### INSTRUCTIONS FOR THE TASK
Could you set down exactly the lines of the data below, starting at the one that holds "パーフェクトシリーズの真髄は" and ending at the one that holds "Figure 5. After", both included, and only those?

### EXERCISE MATERIAL
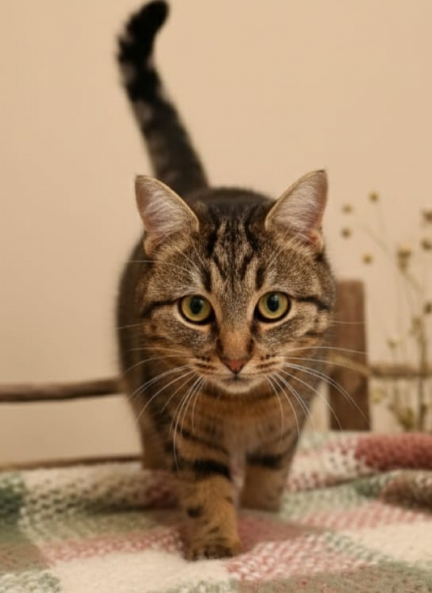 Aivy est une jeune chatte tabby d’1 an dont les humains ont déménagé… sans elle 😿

==

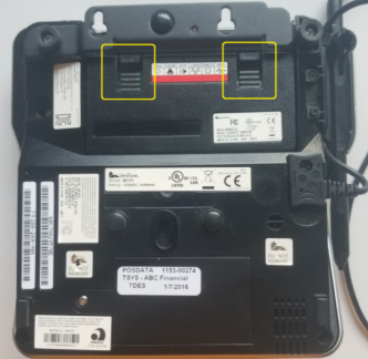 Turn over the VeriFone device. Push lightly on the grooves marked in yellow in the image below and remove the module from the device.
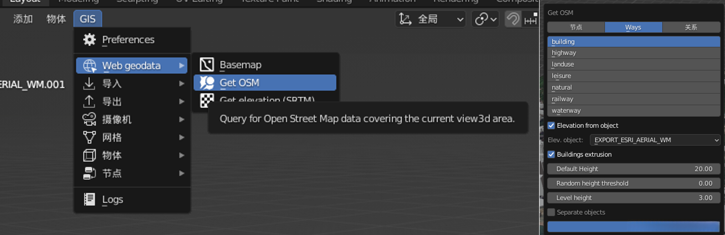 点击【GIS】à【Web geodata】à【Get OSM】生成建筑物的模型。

* * *

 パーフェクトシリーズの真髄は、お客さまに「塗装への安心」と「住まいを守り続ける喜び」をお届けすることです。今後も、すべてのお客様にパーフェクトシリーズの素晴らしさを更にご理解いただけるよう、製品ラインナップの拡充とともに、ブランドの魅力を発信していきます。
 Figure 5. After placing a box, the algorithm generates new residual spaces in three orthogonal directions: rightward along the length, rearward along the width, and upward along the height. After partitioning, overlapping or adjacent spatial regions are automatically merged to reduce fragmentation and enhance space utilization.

### RESPONSE
 パーフェクトシリーズの真髄は、お客さまに「塗装への安心」と「住まいを守り続ける喜び」をお届けすることです。今後も、すべてのお客様にパーフェクトシリーズの素晴らしさを更にご理解いただけるよう、製品ラインナップの拡充とともに、ブランドの魅力を発信していきます。
 Figure 5. After placing a box, the algorithm generates new residual spaces in three orthogonal directions: rightward along the length, rearward along the width, and upward along the height. After partitioning, overlapping or adjacent spatial regions are automatically merged to reduce fragmentation and enhance space utilization.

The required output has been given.